Applicant's summary and conclusion

Interpretation of results:
GHS criteria not met
Remarks:
Migrated information
Conclusions:
CAS 382-28-5 is not a dermal sensitizer at concentrations up to 100%.
Executive summary:

Skin sensitization results for FC-770 (PIPM, CAS# 1093615-61-2) are reported for read-across to FC-3284 (PMM, CAS# 382-28-5). The dermal sensitizing potential of the test article was evaluated in a local lymph node assay (LLNA) in female CBA/J mice following OECD Guideline 429 (effective April 2002). This concentration did not cause irritation in a preliminary irritation screen. In the definitive study, animals (5/group) were administered 25 µL of control (Milli-Q or Milli-U water) or 100% of the test article by topical application to the dorsum of each ear once daily for three consecutive days. Clinical observations were recorded daily. Body weights were recorded on days 1 and 6. Ear swelling measurements were recorded on days 1, 3 and 6. On day 6, the number of proliferating lymph node cells in the auricular lymph nodes were determined using a 3H-methyl thymidine method. The Stimulation Index (SI) was calculated and substances with a SI ? 3 are considered to be potential sensitizers. To achieve more information regarding the SI value, the study was repeated with two additional groups. No skin reactions were observed in any animals. The calculated median SI was 2.8 and there was no indication that the test substance could elicit an SI = 3 when tested up to 100%. The positive control (hexylcinnamaldehyde) is tested once every 6 months at NOTOX and the most recent test indicated that the test method was valid. Based on the results of this study, the test article is not a dermal sensitizer at concentrations up to 100%. By read-across, the tartget substance is also not sensitizing to the skin and has no labelling requirement under GHS/CLP.

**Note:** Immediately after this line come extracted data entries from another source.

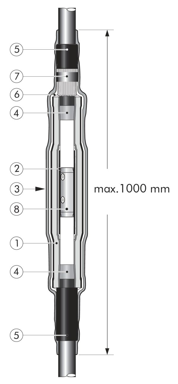 The heat-shinkable straight joint JTS1 meets the requirements of CENELEC HD 629.1 and IEC 60502-4.
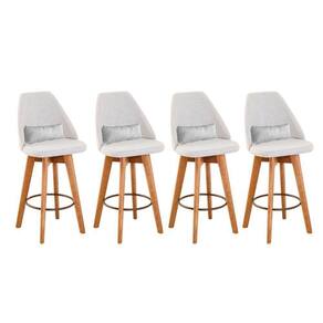 Kit 04 Banquetas Alta Maya Giratória Com Encosto Linho Bege Claro E Almofada Suede Branco - Gat Magazine Banqueta Maya Giratória - GAT MAGAZINE A Banqueta Maya possui assento e pés em madeira eucalipto com sistema giratório! Os pés contam com um reforço que proporciona um suporte de peso de até 120 Kgs.O assento é revestido com espuma D-23. Além de bonita e charmosa, vai trazer para seu ambiente elegância e proporcionará conforto para sua família e amigos nos momentos de lazer.
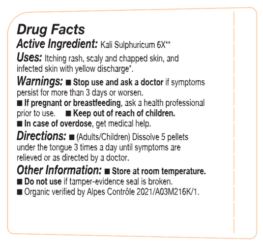 - Kali Sulphuricum : Traditionally used for temporary relief from itching rash, scaly and chapped skin, and infected skin with yellow discharge

Study conducted under GLP conditions. Because these substances exhibit similarity in their physicochemical properties and toxicological properties in mammals, and because available data indicates that parent molecules are not reactive toward biological molecules and cannot undergo bioactivation by normal enzymatic processes, they can be considered to constitute a chemical category. Data gaps for partitioning properties, mammalian and ecological toxicity can therefore be addressed by read across and/or trend analysis between category members. The readacross is considered reliable with restrictions and the result is suitable for use in Risk Assessment, Classification & Labelling, and PBT Analysis.